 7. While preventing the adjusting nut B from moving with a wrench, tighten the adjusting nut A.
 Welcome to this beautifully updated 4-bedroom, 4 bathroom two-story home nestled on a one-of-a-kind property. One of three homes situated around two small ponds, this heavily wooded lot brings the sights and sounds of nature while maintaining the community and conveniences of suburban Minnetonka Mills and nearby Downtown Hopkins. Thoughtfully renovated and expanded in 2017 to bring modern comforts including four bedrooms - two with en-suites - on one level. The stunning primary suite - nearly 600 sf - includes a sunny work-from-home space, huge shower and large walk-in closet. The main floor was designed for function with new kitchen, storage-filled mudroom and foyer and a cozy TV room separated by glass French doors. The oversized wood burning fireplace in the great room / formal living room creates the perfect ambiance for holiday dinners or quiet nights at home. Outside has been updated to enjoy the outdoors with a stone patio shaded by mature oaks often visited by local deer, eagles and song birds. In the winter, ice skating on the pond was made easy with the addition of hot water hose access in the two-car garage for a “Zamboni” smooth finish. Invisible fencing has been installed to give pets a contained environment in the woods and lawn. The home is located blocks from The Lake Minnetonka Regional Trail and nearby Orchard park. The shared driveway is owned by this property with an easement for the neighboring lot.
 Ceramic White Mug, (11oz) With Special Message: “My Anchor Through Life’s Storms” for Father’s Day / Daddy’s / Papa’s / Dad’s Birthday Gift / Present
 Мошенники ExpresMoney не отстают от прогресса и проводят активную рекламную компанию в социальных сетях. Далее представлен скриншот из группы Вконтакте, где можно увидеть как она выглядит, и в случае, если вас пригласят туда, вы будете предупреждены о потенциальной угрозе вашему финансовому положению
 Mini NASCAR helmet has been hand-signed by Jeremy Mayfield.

_____

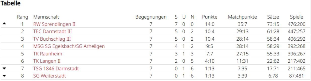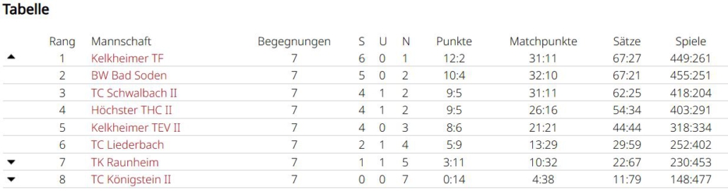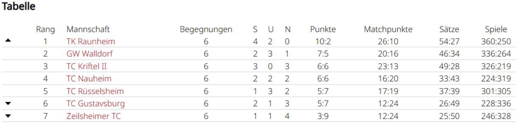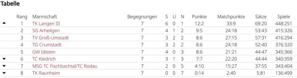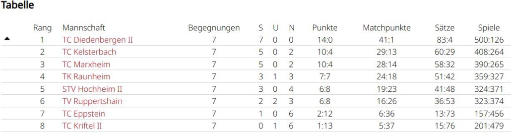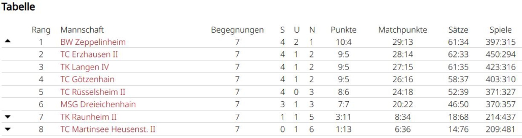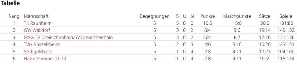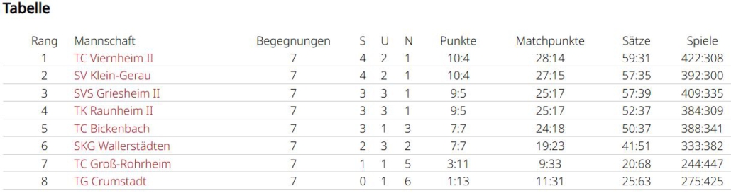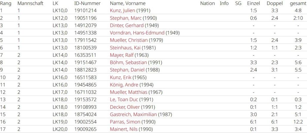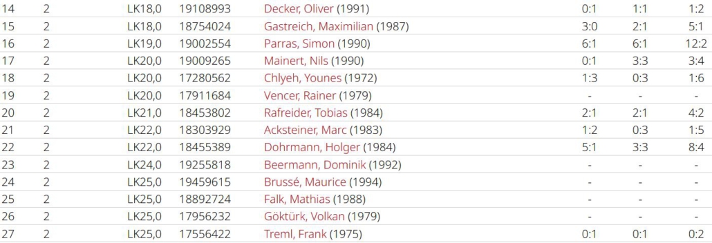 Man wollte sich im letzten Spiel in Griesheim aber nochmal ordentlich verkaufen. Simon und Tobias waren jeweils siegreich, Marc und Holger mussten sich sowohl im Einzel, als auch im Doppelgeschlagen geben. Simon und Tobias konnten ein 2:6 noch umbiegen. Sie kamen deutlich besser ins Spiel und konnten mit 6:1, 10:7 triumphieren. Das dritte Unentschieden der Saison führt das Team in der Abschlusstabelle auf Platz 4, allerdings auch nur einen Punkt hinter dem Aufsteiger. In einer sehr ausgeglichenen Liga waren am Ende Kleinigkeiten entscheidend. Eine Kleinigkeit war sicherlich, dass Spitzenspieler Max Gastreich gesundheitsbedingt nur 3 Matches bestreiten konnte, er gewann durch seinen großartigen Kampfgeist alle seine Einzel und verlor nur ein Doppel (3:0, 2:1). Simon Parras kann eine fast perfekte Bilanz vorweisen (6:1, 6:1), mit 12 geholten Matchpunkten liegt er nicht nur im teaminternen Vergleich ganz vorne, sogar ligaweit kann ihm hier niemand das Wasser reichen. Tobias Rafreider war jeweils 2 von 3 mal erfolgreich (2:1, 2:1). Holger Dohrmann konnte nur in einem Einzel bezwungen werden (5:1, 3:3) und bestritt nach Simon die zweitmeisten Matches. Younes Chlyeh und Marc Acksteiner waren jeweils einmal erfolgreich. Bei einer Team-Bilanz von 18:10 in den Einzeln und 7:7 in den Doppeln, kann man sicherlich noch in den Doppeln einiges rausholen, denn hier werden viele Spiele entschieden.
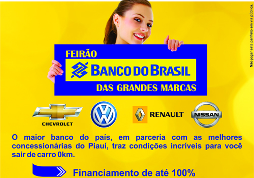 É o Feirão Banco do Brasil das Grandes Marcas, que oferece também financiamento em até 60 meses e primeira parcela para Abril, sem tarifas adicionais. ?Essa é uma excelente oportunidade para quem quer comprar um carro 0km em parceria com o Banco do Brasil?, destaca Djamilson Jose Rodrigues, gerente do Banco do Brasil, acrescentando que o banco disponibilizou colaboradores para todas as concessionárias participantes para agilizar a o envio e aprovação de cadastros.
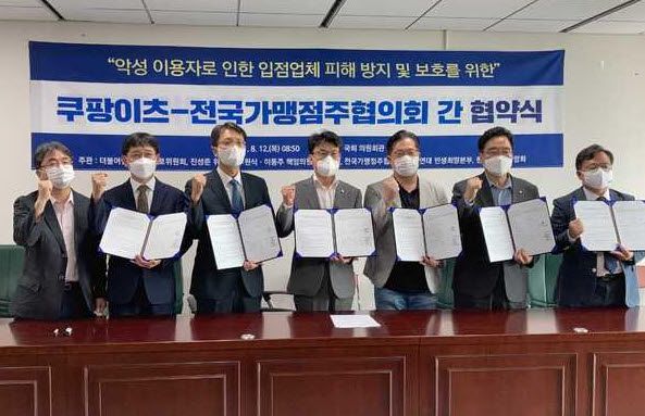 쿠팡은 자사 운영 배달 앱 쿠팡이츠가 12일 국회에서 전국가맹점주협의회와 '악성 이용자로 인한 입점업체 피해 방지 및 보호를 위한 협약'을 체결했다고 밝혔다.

_____

Work required:
Your answer should be the lines of the listing above between the line holding "7. While preventing" and the line holding "Mini NASCAR helmet", inclusive, restated word for word and alone.

Written response:
 7. While preventing the adjusting nut B from moving with a wrench, tighten the adjusting nut A.
 Welcome to this beautifully updated 4-bedroom, 4 bathroom two-story home nestled on a one-of-a-kind property. One of three homes situated around two small ponds, this heavily wooded lot brings the sights and sounds of nature while maintaining the community and conveniences of suburban Minnetonka Mills and nearby Downtown Hopkins. Thoughtfully renovated and expanded in 2017 to bring modern comforts including four bedrooms - two with en-suites - on one level. The stunning primary suite - nearly 600 sf - includes a sunny work-from-home space, huge shower and large walk-in closet. The main floor was designed for function with new kitchen, storage-filled mudroom and foyer and a cozy TV room separated by glass French doors. The oversized wood burning fireplace in the great room / formal living room creates the perfect ambiance for holiday dinners or quiet nights at home. Outside has been updated to enjoy the outdoors with a stone patio shaded by mature oaks often visited by local deer, eagles and song birds. In the winter, ice skating on the pond was made easy with the addition of hot water hose access in the two-car garage for a “Zamboni” smooth finish. Invisible fencing has been installed to give pets a contained environment in the woods and lawn. The home is located blocks from The Lake Minnetonka Regional Trail and nearby Orchard park. The shared driveway is owned by this property with an easement for the neighboring lot.
 Ceramic White Mug, (11oz) With Special Message: “My Anchor Through Life’s Storms” for Father’s Day / Daddy’s / Papa’s / Dad’s Birthday Gift / Present
 Мошенники ExpresMoney не отстают от прогресса и проводят активную рекламную компанию в социальных сетях. Далее представлен скриншот из группы Вконтакте, где можно увидеть как она выглядит, и в случае, если вас пригласят туда, вы будете предупреждены о потенциальной угрозе вашему финансовому положению
 Mini NASCAR helmet has been hand-signed by Jeremy Mayfield.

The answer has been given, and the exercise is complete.